Mutate to transform

The mutate() function creates a new column of data, or overwrite an existing one.

We’ll use a subset of the mtcars dataset for examples.

from siuba import _, group_by, mutate, select
from siuba.data import mtcars

small_cars = mtcars[["mpg", "cyl", "hp"]]

Basics

small_cars >> mutate(mpg_per_cyl = _.mpg / _.cyl)
mpg cyl hp mpg_per_cyl
0 21.0 6 110 3.500
1 21.0 6 110 3.500
... ... ... ... ...
30 15.0 8 335 1.875
31 21.4 4 109 5.350

32 rows × 4 columns

Replacing columns

When a created column is given the same name as an existing column, it replaces that column in the data.

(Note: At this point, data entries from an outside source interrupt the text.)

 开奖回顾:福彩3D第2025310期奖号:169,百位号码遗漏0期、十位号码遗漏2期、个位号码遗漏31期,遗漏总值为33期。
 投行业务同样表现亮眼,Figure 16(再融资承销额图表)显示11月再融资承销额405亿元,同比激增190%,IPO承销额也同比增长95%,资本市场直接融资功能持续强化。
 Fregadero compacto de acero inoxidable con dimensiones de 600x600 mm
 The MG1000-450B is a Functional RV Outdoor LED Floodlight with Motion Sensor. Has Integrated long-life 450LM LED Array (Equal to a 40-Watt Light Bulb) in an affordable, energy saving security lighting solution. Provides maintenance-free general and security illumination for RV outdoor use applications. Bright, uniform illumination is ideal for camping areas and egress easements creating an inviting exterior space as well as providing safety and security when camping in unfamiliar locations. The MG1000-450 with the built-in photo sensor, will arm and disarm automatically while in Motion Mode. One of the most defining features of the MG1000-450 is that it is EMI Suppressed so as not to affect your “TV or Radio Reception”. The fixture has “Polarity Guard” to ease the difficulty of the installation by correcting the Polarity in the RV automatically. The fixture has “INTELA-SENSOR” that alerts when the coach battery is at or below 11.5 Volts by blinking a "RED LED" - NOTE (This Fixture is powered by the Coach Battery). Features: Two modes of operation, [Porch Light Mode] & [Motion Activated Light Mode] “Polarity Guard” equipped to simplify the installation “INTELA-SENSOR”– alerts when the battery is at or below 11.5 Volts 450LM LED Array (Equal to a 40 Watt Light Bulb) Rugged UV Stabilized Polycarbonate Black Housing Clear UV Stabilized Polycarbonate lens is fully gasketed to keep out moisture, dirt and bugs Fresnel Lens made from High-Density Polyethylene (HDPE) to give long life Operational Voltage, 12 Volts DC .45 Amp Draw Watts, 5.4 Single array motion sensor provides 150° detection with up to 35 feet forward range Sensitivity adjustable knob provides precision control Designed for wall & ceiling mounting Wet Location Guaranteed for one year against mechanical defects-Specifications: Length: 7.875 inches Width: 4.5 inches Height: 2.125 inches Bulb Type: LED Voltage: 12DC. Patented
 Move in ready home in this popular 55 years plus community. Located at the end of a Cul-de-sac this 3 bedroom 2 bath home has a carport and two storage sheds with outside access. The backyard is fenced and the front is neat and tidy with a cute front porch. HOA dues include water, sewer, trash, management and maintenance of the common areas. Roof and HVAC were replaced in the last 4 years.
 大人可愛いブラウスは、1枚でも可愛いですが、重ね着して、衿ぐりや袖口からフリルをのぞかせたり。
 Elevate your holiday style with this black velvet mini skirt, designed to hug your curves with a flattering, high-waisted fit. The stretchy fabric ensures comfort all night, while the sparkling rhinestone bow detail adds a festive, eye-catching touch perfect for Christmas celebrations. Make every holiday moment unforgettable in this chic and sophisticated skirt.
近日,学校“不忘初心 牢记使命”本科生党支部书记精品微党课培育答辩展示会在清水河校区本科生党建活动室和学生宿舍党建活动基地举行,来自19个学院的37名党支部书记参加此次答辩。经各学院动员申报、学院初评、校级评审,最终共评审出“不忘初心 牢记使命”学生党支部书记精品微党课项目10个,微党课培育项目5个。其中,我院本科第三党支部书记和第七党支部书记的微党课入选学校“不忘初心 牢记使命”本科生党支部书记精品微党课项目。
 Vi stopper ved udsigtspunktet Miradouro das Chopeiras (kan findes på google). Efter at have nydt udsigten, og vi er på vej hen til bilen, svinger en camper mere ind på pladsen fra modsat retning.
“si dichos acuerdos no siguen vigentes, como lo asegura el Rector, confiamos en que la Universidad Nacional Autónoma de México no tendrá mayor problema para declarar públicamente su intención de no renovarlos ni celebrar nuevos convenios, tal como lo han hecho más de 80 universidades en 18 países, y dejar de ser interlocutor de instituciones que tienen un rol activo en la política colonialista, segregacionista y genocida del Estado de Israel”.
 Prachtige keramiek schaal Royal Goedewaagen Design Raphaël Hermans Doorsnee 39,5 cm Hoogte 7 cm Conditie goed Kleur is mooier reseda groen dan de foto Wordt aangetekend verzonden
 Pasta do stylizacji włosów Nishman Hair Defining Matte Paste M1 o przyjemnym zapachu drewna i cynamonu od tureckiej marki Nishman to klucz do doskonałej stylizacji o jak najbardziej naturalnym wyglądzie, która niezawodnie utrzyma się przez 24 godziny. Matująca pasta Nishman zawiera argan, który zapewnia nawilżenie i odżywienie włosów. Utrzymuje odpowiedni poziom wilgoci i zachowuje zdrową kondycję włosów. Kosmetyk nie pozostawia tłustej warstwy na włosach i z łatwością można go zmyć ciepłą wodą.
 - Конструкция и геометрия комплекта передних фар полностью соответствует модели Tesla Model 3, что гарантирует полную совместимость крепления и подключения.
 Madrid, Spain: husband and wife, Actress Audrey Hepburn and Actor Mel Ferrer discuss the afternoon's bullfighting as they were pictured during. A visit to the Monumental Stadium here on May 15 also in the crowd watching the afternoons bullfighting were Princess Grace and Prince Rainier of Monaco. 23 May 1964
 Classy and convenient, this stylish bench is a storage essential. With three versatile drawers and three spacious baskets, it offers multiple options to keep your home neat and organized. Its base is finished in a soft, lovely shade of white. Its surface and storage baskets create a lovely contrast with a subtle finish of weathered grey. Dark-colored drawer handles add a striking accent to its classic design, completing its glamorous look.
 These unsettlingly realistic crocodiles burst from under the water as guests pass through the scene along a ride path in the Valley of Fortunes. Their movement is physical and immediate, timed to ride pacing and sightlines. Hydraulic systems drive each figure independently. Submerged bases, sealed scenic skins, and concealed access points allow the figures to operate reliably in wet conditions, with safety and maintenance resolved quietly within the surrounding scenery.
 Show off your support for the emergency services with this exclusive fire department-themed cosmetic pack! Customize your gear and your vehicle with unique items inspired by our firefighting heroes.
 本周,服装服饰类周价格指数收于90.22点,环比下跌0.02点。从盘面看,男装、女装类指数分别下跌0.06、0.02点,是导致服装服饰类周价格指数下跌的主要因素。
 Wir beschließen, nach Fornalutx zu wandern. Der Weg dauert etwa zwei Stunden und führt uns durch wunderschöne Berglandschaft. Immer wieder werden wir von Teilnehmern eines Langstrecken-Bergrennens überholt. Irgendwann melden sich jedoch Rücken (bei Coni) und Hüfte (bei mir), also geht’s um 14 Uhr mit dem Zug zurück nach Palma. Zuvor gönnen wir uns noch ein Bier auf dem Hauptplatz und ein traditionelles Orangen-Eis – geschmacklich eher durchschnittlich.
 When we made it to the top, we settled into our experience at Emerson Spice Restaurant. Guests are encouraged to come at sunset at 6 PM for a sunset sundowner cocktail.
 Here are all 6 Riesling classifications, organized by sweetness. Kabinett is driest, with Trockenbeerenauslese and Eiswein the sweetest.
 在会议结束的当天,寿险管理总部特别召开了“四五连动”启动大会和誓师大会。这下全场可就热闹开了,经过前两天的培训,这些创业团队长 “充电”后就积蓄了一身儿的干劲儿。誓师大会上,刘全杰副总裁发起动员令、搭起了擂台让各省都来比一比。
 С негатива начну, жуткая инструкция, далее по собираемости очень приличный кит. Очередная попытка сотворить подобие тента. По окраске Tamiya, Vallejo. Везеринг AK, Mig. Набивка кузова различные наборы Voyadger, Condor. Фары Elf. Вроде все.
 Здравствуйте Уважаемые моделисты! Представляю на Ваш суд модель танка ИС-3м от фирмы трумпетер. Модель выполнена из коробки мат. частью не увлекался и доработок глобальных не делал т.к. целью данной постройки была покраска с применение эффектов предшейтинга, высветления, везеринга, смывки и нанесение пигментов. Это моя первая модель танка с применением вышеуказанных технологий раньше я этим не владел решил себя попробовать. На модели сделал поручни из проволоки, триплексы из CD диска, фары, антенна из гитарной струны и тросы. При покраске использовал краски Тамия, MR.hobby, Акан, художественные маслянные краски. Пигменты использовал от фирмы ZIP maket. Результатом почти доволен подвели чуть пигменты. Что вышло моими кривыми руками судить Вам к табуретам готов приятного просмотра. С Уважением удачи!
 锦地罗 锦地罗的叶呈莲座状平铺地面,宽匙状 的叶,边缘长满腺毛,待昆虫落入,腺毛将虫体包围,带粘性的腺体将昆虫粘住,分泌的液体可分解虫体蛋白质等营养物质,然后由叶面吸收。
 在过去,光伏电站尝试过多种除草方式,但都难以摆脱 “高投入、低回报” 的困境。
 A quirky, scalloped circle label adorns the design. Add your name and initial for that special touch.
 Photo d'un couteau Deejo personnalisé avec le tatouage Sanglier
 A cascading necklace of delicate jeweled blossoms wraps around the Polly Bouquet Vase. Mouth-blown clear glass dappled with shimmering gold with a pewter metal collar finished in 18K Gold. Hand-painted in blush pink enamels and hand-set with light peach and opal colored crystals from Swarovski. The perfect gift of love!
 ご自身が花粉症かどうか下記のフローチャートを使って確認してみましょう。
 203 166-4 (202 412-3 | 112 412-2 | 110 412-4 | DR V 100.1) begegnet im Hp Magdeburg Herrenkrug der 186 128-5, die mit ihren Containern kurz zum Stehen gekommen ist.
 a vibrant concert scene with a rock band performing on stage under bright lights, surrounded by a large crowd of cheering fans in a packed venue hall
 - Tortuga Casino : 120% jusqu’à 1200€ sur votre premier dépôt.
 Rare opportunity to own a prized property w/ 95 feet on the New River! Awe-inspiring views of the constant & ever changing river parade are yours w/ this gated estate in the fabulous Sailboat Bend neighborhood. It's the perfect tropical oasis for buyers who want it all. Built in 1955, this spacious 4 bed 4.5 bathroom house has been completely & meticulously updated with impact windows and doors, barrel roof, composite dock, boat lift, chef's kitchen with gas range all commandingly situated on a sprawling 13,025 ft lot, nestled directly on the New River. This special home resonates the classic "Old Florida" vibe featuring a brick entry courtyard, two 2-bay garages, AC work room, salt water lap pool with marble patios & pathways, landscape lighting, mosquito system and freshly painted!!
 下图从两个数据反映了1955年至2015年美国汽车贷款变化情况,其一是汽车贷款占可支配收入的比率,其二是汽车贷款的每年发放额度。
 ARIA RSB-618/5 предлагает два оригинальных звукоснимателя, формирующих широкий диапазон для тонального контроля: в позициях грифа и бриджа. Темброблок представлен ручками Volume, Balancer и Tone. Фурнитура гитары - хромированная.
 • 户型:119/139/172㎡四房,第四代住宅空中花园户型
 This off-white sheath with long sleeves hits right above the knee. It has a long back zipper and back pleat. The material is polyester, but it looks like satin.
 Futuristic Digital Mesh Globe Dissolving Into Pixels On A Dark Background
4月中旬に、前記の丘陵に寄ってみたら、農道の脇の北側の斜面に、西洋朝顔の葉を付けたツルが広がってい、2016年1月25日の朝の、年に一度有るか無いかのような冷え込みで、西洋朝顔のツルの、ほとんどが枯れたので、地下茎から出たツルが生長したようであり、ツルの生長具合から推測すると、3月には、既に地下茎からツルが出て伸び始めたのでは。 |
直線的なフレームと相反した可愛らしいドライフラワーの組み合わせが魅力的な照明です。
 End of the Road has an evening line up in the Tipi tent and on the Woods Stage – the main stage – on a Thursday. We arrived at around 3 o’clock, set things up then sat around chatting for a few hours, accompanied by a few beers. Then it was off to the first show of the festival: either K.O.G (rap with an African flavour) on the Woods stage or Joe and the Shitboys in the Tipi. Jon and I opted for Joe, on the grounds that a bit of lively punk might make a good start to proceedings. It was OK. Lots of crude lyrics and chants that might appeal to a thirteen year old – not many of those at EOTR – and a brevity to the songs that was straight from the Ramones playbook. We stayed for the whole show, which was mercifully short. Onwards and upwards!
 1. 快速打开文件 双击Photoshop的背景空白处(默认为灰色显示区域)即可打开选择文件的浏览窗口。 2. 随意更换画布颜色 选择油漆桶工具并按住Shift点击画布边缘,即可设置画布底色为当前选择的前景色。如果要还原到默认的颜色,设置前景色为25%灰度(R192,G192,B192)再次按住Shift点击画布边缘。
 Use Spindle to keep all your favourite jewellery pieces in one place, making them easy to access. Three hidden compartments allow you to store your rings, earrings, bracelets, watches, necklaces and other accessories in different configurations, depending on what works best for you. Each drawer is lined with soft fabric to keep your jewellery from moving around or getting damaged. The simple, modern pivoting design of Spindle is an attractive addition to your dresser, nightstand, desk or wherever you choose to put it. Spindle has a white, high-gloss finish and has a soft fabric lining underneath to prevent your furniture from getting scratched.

small_cars >> mutate(mpg = _.mpg - _.mpg.mean(), new_column = 1)
mpg cyl hp new_column
0 0.909375 6 110 1
1 0.909375 6 110 1
... ... ... ... ...
30 -5.090625 8 335 1
31 1.309375 4 109 1

32 rows × 4 columns

Note that replacement columns are put in the same position as the original columns. For example, in the result above, the mpg column is still in the first position on the left.

Using previous arguments

Arguments can refer to columns that were created in earlier arguments.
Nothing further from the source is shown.